As we have seen in several practicals now, we need to consider the Coordinate Reference System when we're working with different datasets. Before we can combine the files, let's make sure the supermarket data align with the OA census data.

In [None]:
# CRS of output areas
oa.crs

In [None]:
# CRS of supermarkets
print(smkt_pts.crs)
print(smkt_ply.crs)

Both of the OSM files of supermarkets are in WGS84 (EPSG:4326). We are going to project these to OSGB 1936. That projected coordinate system will help us make more accurate distance calculations in later steps of this analysis.

In [None]:
# project supermarkets
smkt_pts_prj = smkt_pts.to_crs(oa.crs)
smkt_ply_prj = smkt_ply.to_crs(oa.crs)

Now that we are using the same CRS, we can easily plot the data on the same map.

In [None]:
fig, ax = plt.subplots()
ax.set_aspect('equal')

# plot the outlines of the output areas
oa.plot(ax=ax, color='white', edgecolor='black')

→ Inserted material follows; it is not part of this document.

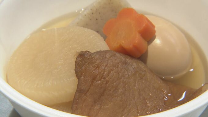 きょうの献立は五目ごはんに小松菜の胡麻和え、ポテトサラダにおでん。使われている野菜やコメは全て有機農業で育てられたものです。

# add just the supermarket points
smkt_pts_prj.plot(ax=ax, marker='o', color='red', markersize=5)

plt.show()

Notice in the plot above that the points are well outside of just Southampton (including Portsmouth!). I downloaded a larger area. We'll next clip the data down to just our study area.

### Extracting Soton data

An easy way to extract spatial data for only a specific region of interest is to use the `clip` function in `GeoPandas`. Clip will modify the geometry of the object being "clipped". In this instance, we will want to clip the supermarkets by the geometry of the OAs to create a new supermarket dataset for only Southampton locations.

For more information on this operation, see here: [https://geopandas.org/gallery/plot_clip.html](https://geopandas.org/gallery/plot_clip.html)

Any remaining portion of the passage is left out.